Clean tailoring combined with sportswear. Refined details mixed with the invigorating roughness of hi-tech fabrics. Bold, functional, and cool; minimalist street style uncovers a rebellious potential of minimal fashion, bringing together sartorial opposites like a tailored coat and a hoody, or wide-legged trousers and sneakers. But as laid-back as it may seem, minimalist street style is far from being a simple case.
The idea of minimalist street style is to embrace the tension between urban and minimal fashion. Being the most significant style movements of the last decades, they are both the legacy of the 1990s—the era shaped by minimalist designers such as Helmut Lang, Martin Margiela, and Issey Miyake on the one hand, and by street aesthetics of grunge, goth, and hip-hop on the other. A crossover between minimalism and urbanwear first found its way onto runways in 2000s, when cult designers like Raf Simons and Yohji Yamamoto started to recreate the essence of subcultures within their collections. In the 2010s, minimalism ‘trickled down’ to the fast fashion brands, reaching the height of its popularity 2015, while streetwear has risen to the status of modern luxury.

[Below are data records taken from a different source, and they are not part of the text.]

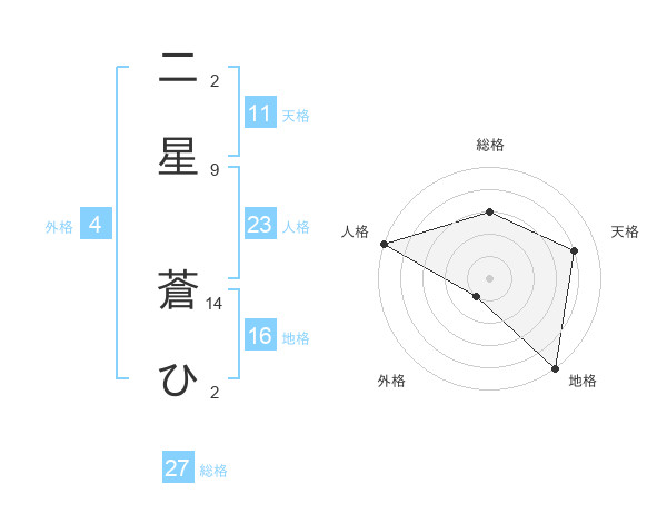 二星 蒼ひさんを姓名の画数から五運を鑑定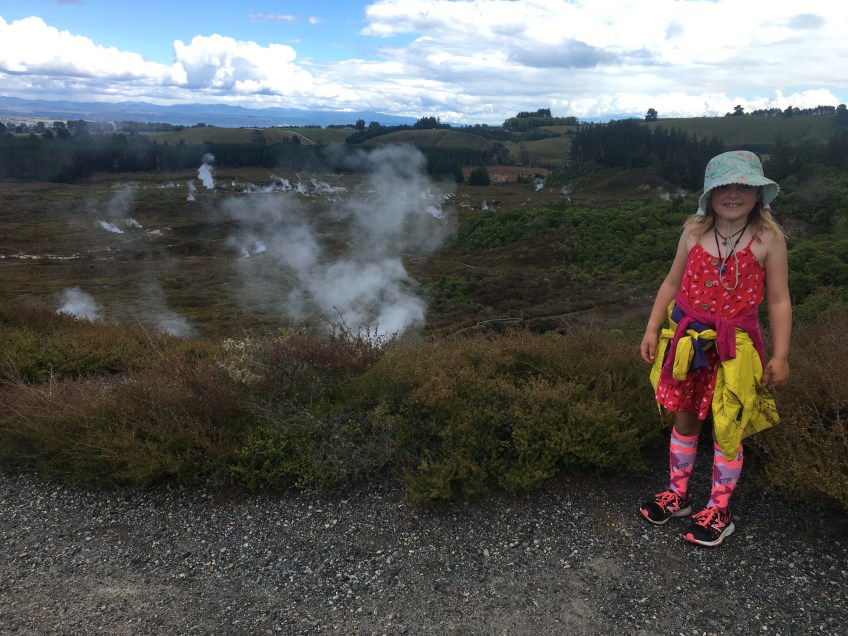 The next day the rain cleared and we paid our tourist fees to walk through the Craters of the Moon. It was well worth it. They had built a wooden walkway over a geothermal hot spot with boiling mud and many steam vents, and they did a great job with the interpretive signs talking about the plants that could grow with hot roots, and the heavy metals that make the soil turn rainbow colours.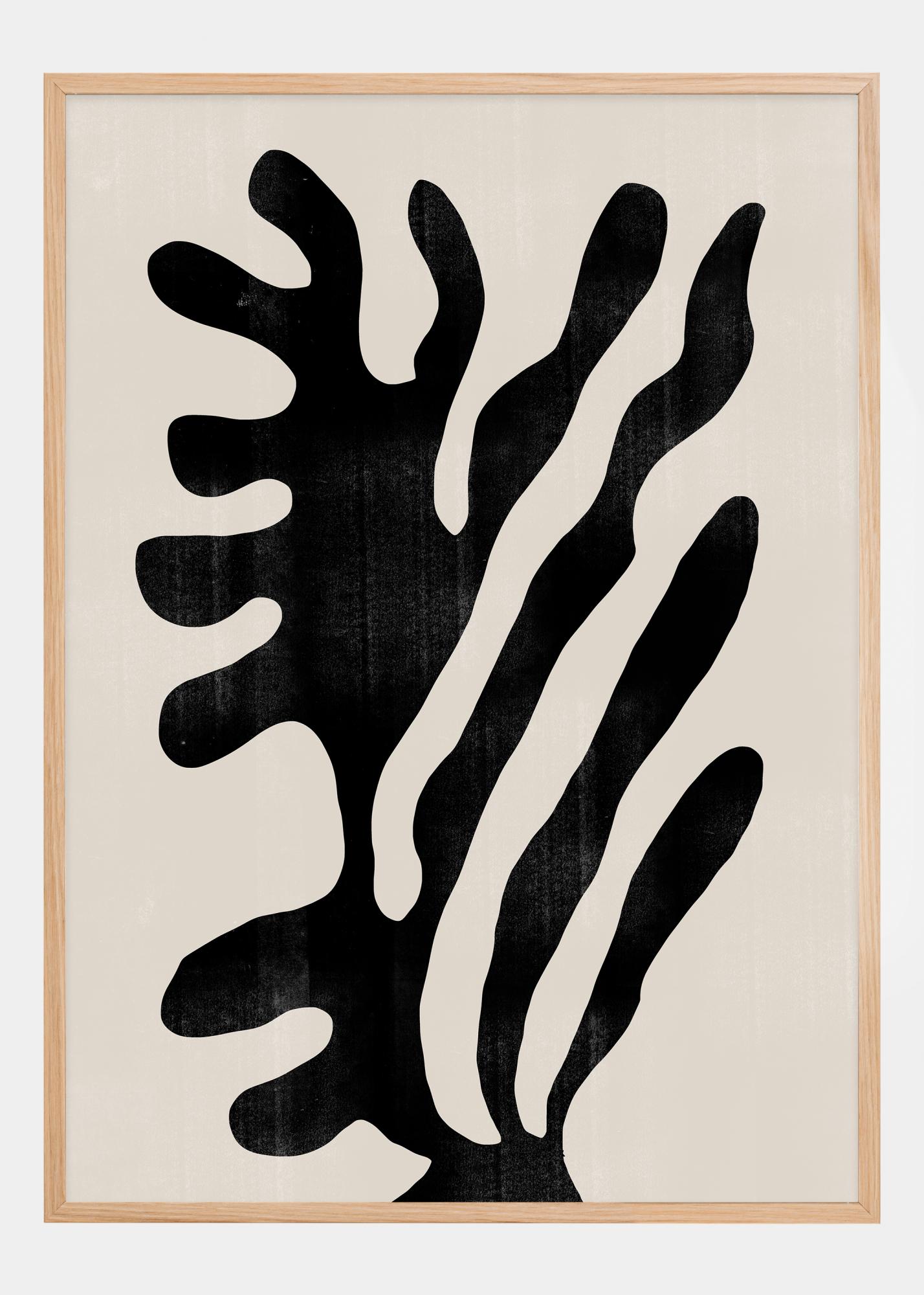 Med ett kraftfullt och abstrakt uttryck, bjuder denna poster in till en tolkning av naturens livskraft. De djärva svarta formerna, som påminner om ett växts blad eller en exotisk blomma, står i kontrast mot den gräddvita bakgrunden och skapar en dynamisk och dramatisk effekt. Detta konstverk fångar den organiska skönheten i naturen genom ett minimalistiskt men djärvt språk.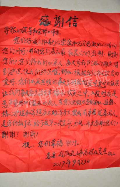 济南神康医院秉承“以人为本,以病人为中心”的服务宗旨,践行“捍卫人类精神家园”的伟大使命,在解决老百姓看病难、看病贵、构建和谐医患关系的问题上更是责无旁贷。对“送红包”等不良现象坚决说“不”,将“无红包”医院切实的落到实处,树立医德新风尚。我院上下同心协力,全面打造绿色、纯净的就医环境,让患者踏实就医、放心就医。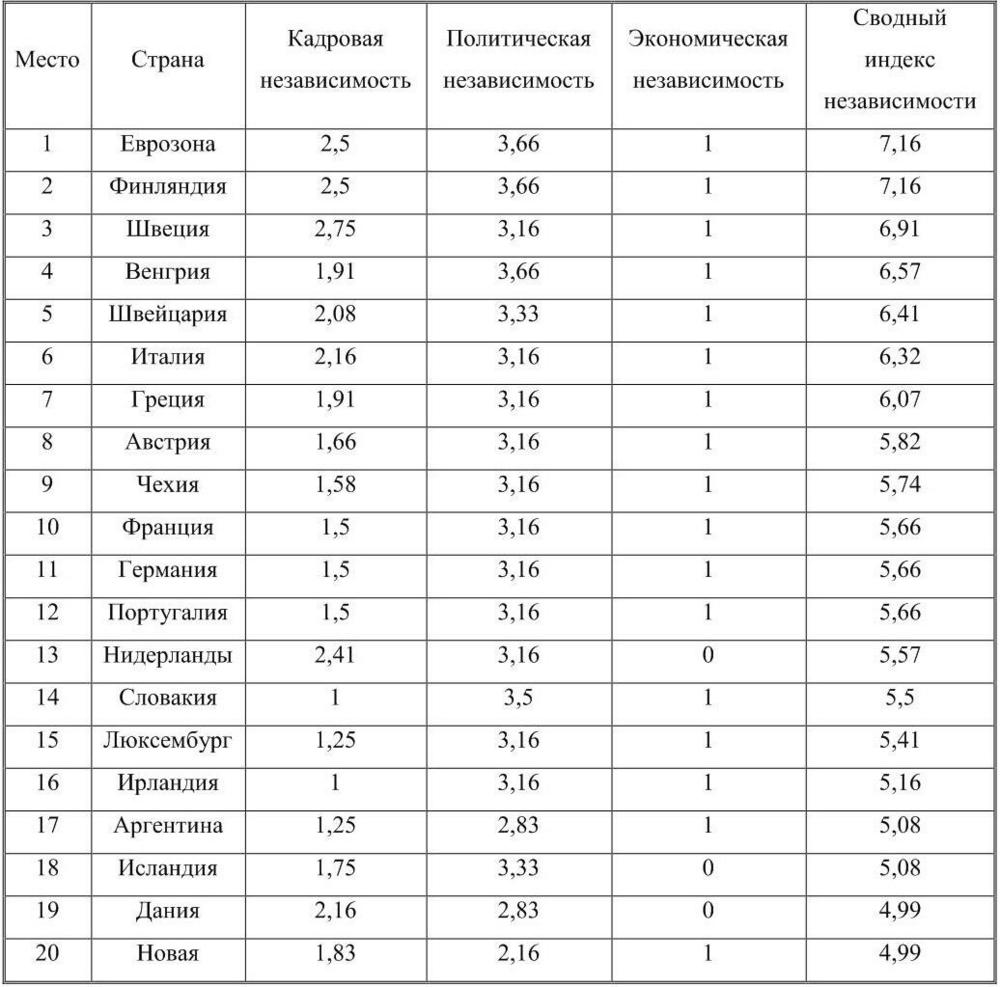 В приведенной таблице указаны сводные индексные оценки независимости по результатам анализа тридцати пяти центральных банков. Ведущие места заняли европейские центральные банки, включая центральный банк еврозоны и Финляндии, а также банки Швеции, Венгрии и Швейцарии. Банк России не попал в первую двадцатку он занял двадцать седьмое место. Соседние места занимают ФРС США и Банк Мексики, которые по общемировым меркам входят в круг относительно зависимых центральных банков.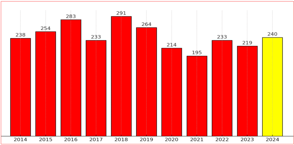 No ano seguinte ainda baixou mais para um valor inédito (195) abaixo dos 200. Contudo, estes foram anos anormalmente baixos em termos de nascimentos, por via do menor número de gravidezes concluídos como consequência da incerteza criada pela gestão da pandemia. Em 2022, o valor aumentaria para os 233, reduzindo para 219 no ano passado.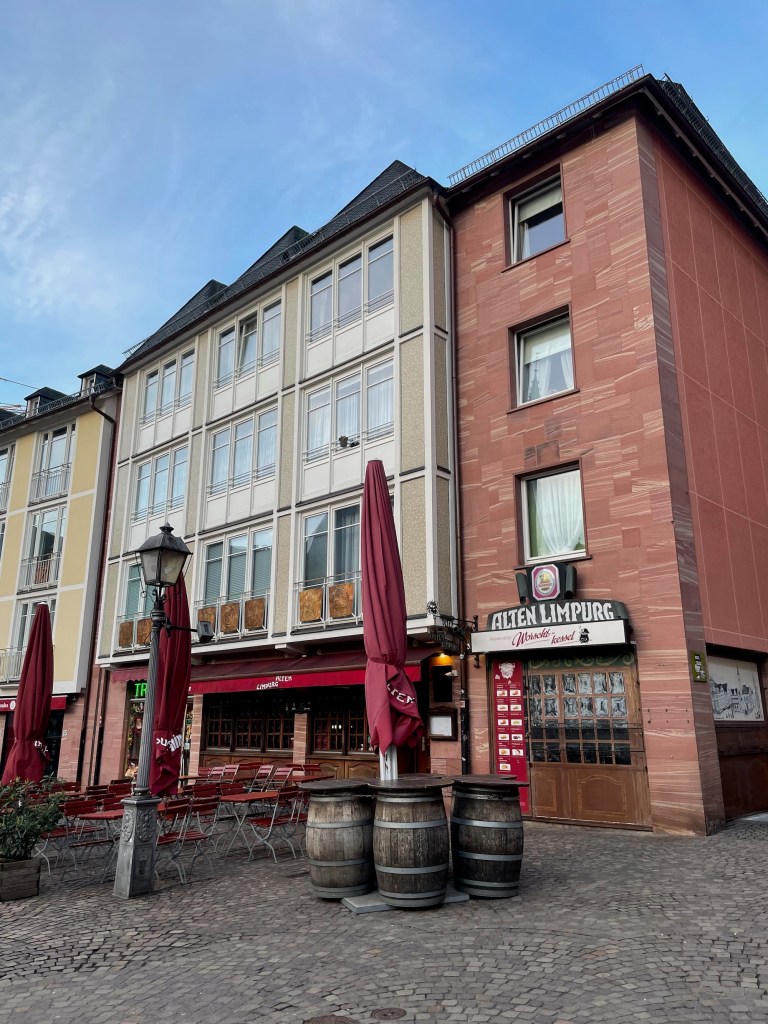 View from the footbridge across the Main RiverRömerbergSpring is coming 🙂 I love these flower boxesMust-dos in Frankfurt: frankfurters, beer, crown cake, Römerberg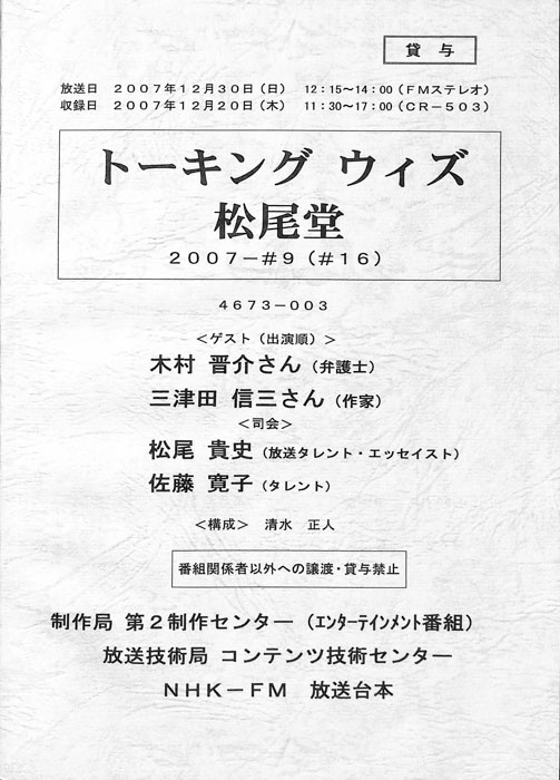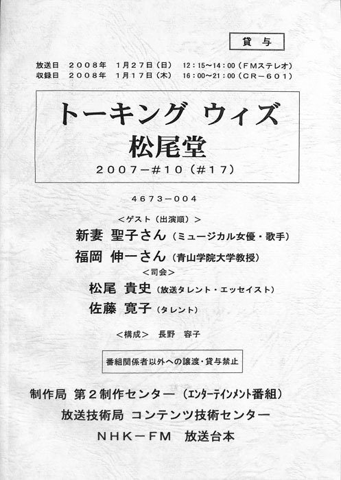 - 放送局 : NHK大阪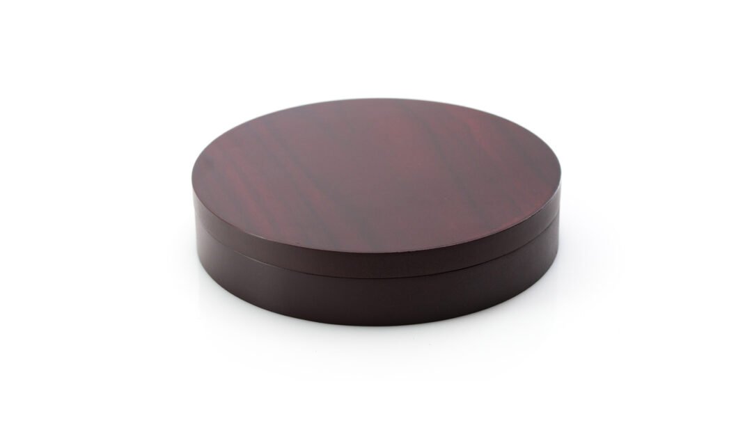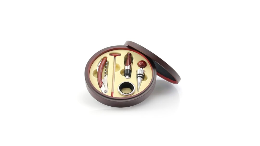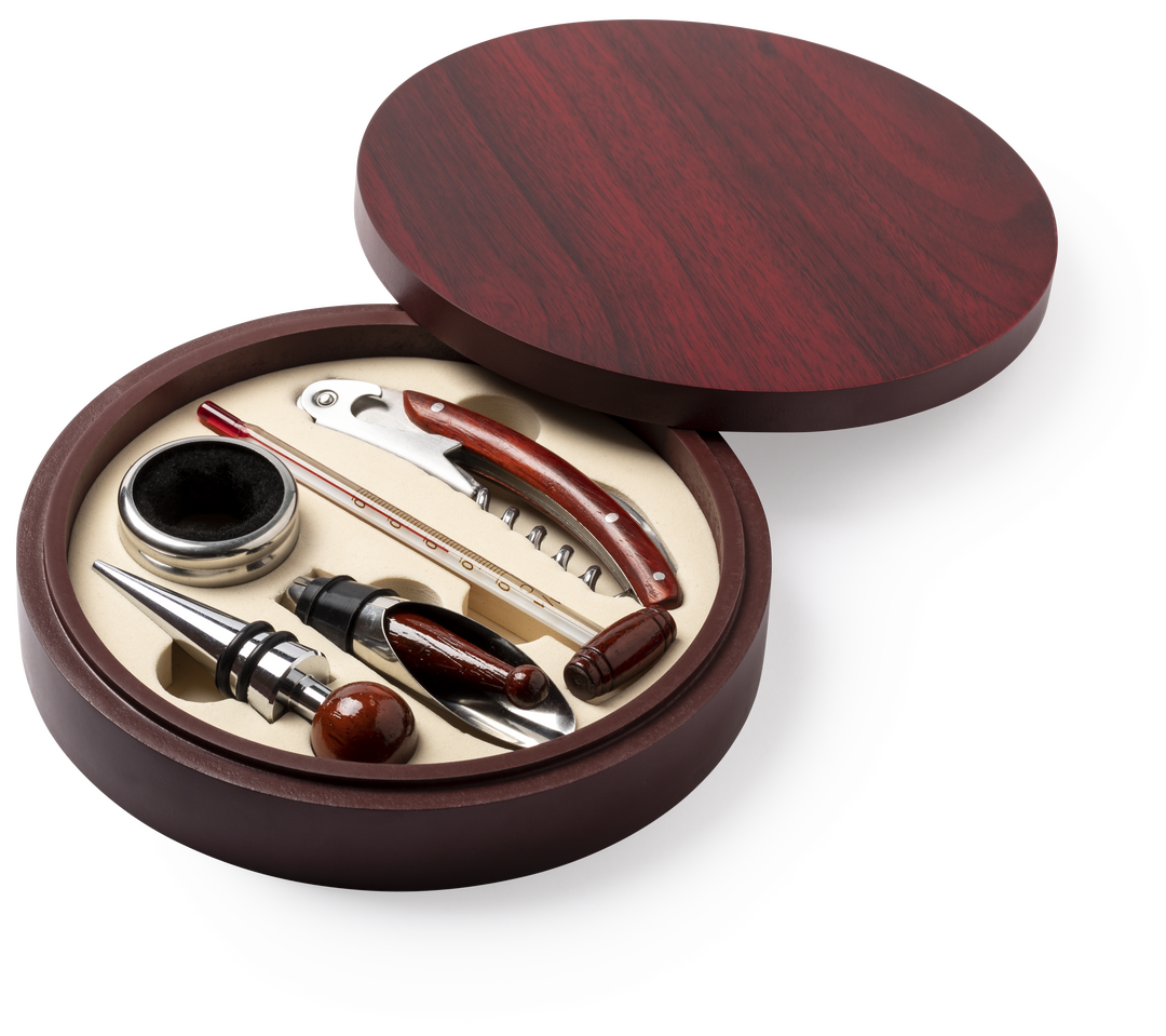 Set de vinos de elegante diseño circular con acabado en madera natural. Accesorios de acero inox y madera. Incluye sacacorchos con cortacápsulas y abridor, tapón, dosificador, recogegotas y termómetro. Presentado en estuche individual con interior en suave espuma troquelada de color beige.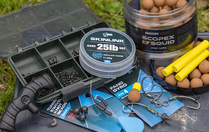 Rigs en haakaas zijn bij deze visserij ook uiterst belangrijk. Ik kies altijd voor een rig die resistent is aan het constant oppikken zonder in de war te raken. Het liefst gebruik ik haakaas dat zo goed mogelijk op mijn voerboilies lijkt. Een 12mm Scopex Squid pop-up met een stukje geel foam erop is uiterst effectief en kan makkelijk bijgeknipt worden zodat de rig perfect uitgebalanceerd is. Ik pas de manier van uitbalanceren aan op de bodem waarop ik vis. Ik gebruik sneller zinkend aas op harde zandbodem, terwijl ik langzaam zinkend aas, dat zich zachtjes settelt, verkies op een wierbodem.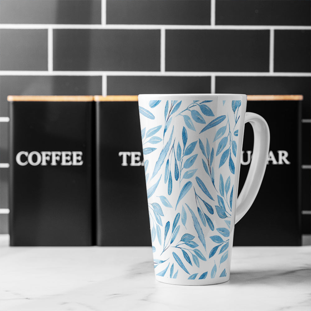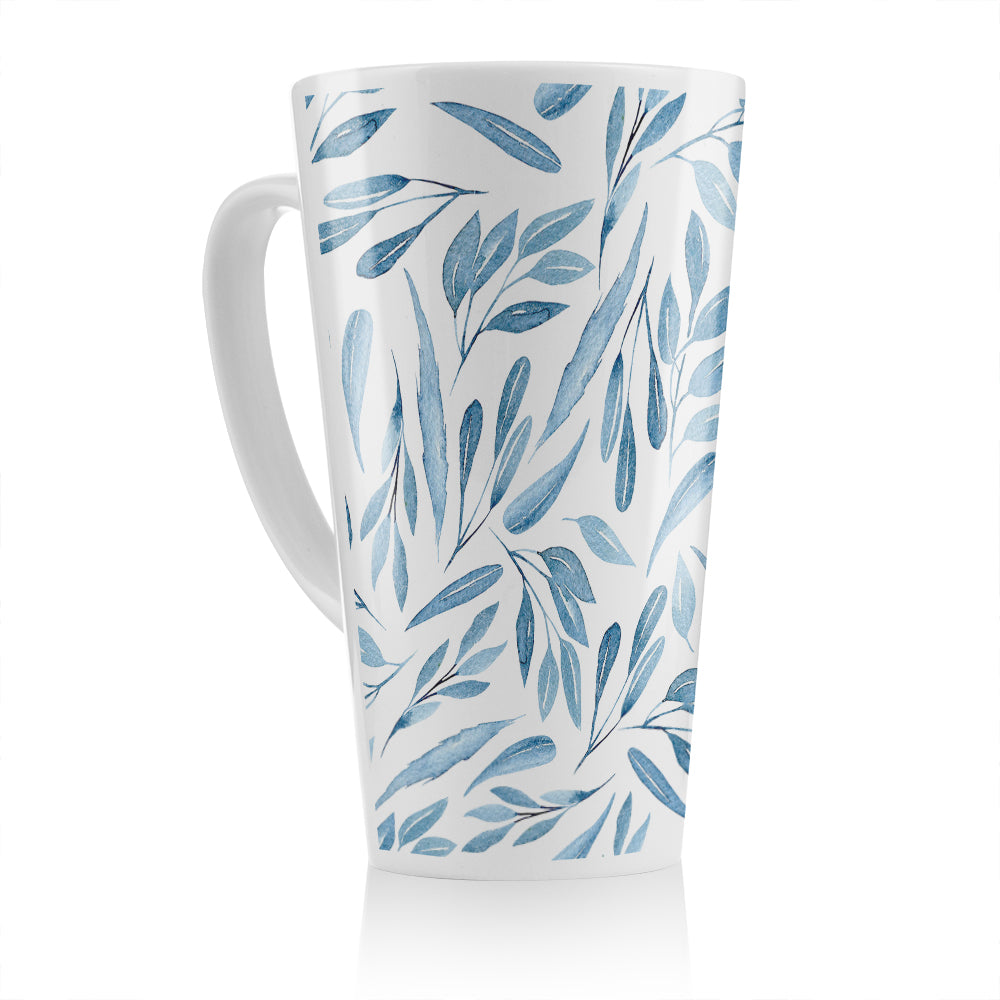 Watercolour Blue Branches With Leaves Latte Mug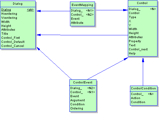 Интерфейс состоит из последовательности модальных диалогов (таблица Dialog), на которых расположены элементы управления (таблица Control). С каждым из элементов может быть ассоциировано одно или несколько событий (таблица ControlEvent), которые могут менять свои состояния (таблица ControlCondition) и взаимодействовать с другими элементами через подписку на их события (таблица EventMapping).
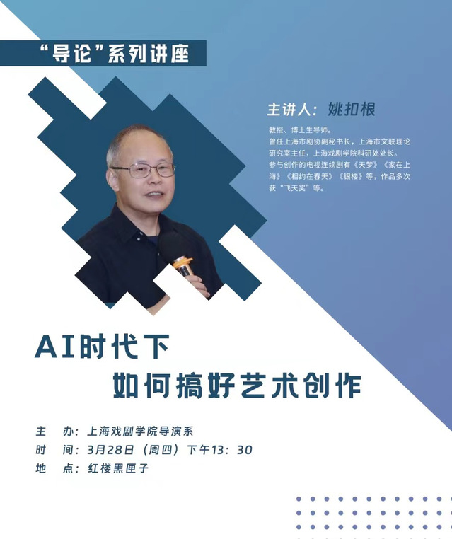 为落实《关于全面深化高等教育综合改革服务促进高质量发展的意见》,围绕服务促进国家和上海未来产业发展,前瞻布局未来学科、以人工智能(AI)赋能学科专业改革,推动传统学科专业转型升级。3月28日,导演系党总支书记尹悦蓉邀请了taptap点点体育资深教授、博士生导师姚扣根给全系师生开展“AI时代下如何搞好艺术创作”的讲座,就时代热题展开阐释,这也是“导论”系列讲座2024年第一讲。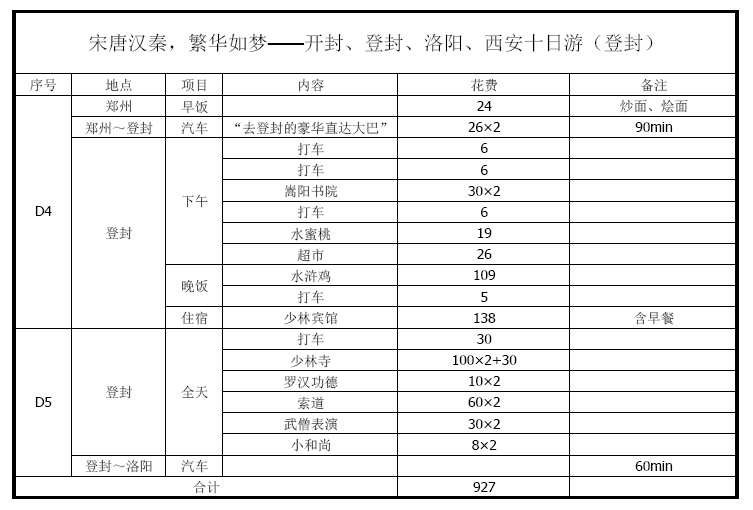 先上花费表,在少林寺花的钱最多。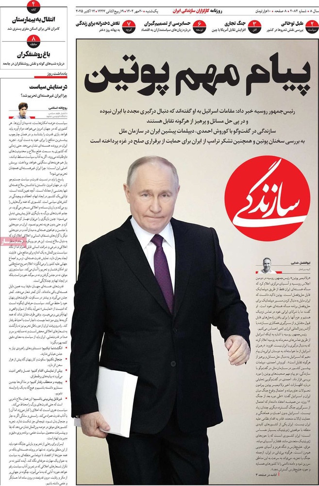 مطبوعات ۲۰ مهر ۱۴۰۴ - ۰۷:۳۹ کد مطلب: 141828 دریافت تصاویر صفحه اول روزنامههای یکشنبه ۲۰ مهرماه ۱۴۰۴ برچسبها مطبوعات

Fast forward to 2017: Ivania Carpio, the creator of Love Aesthetics, styles pure white sneakers with wide-legged pinstripe trousers; in her bold and clear SS’17 collection, young fashion designer Melitta Baumeister's pieces are often completed with similar footwear. It becomes more evident that minimal fashion is not defined by the white shirts and monochrome looks but rather by an attitude of choosing more future-inspired, more progressive clothing that occasionally need to disobey basic rules of minimalism and add some ‘impure’ street motifs. Bold and sporty pieces from the likes of Off-White, Hood By Air, and Vetements blend perfectly well with the gracious garments from Acne Studios, COS, and Totême. Besides, this more aggressive, more avantstreet version of minimal fashion somehow elevates the idea of less is more to a whole new level, proving that minimalism can be reinvented once again. Minimalists, who refuse to alter their visual vocabulary with sportif pieces, are at the risk of missing out.